Back then it was just the proverbial "bullish scenario" for bond markets--that special combination of events where everything lined up just right for maximum bond market benefit. I've drifted into that hypothesis-laden trance on a few occasions. I'm going to do it again right now, but more to revisit the bullish scenario dreams. This might look prescient in retrospect, but I want to emphasize that I write a lot of stuff, and I have articles that we could revisit for almost any eventuality (point being: there are no gurus. This is just a look back at one of the musings that turned out to be on target in retrospect):
"Higher Rate Rhetoric Beginning to Unravel." From August 2015, referencing a mid-July train of thought. Click the link and read it if you have time.

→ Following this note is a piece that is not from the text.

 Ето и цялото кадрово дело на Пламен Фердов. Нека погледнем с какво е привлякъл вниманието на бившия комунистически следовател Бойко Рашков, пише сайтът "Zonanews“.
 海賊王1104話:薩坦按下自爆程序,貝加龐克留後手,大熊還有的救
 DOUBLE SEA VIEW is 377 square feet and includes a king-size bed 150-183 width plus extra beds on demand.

With the help of the brilliant minds on the MBS Live dashboard, this thesis grew to be our collective baseline the longer rates remained resilient into the end of 2015. Personally, I figured we'd have a little blip higher in rates before a bigger push down toward current levels. I thought that things like the decent employment data would trick markets into thinking things would be OK even though the Fed just hiked, and some green shoots of economic optimism would take hold.
Instead, markets have wasted no time freaking out in 2016. To put the freakout into a visual context that most people can relate to, here's a long term chart of the best stock index for a big picture assessment of "stocks"--the S&P. It shows these so-called "economic cycles" that we began talking about in mid 2015.

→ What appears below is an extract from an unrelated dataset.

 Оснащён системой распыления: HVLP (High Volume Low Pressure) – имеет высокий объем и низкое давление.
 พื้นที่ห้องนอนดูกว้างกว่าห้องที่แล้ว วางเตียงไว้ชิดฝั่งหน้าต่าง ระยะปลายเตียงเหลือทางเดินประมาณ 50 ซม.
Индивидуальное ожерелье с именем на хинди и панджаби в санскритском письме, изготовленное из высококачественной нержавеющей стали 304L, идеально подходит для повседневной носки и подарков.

I'm not joking when I say that the 90's was about the internet. Think about the role the internet played in your life prior to the mid 90's. It was more of a novelty until then, and the exponential market growth from the mid 90's on goes hand in hand with the tech boom/bubble. Everyone was really excited about the internet, and it showed.
Who knows if the "housing" circle was more about housing or if it was simply the fact that the tech bubble correction had run its course? Certainly there were contributions from both of those factors. Either way, we found ourselves living through the financial crisis and embarking on the next big cycle. This time around there hasn't been any organic economic motivation so much as there has been a crapload of free money dumped from central bank's helicopters the world over. The wealth creation puts the past cycles to shame. Don't worry if you haven't seen things exactly that way, because it's largely been about strengthening the strongest hands, not to mention that half of the wealth creation was merely an attempt to numb the amputation site of all the wealth that was lopped off during the crisis.

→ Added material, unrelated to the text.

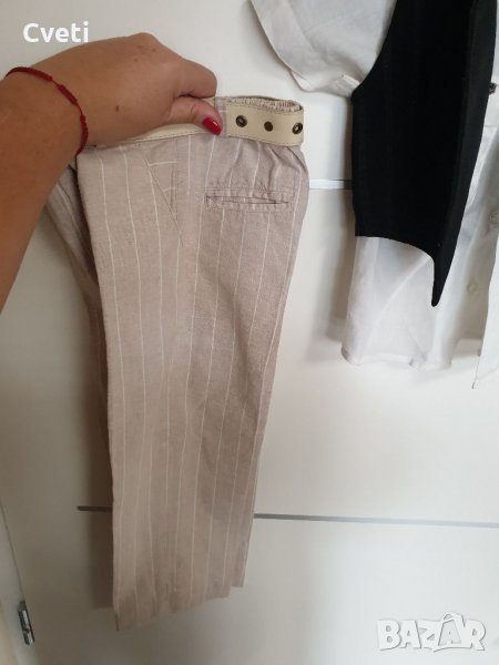 Бяла ленена риза с бежов панталон комплект , памук и лен . Подарък елек в черно и бежов колан

All that is beside the point though. The point is that QE isn't a long-term, organic set of muscles that's capable of turning the crank of global economic growth. Such muscles are nowhere to be found, and the Fed doesn't want to live the lie anymore. Markets are increasingly pricing-in that grim reality.
There could be corrections along the way--possibly even big enough to scare some sense into floaters, but until we see strong evidence to the contrary, utter and complete global economic meltdown is the baseline. The road we're on leads to new all-time low rates.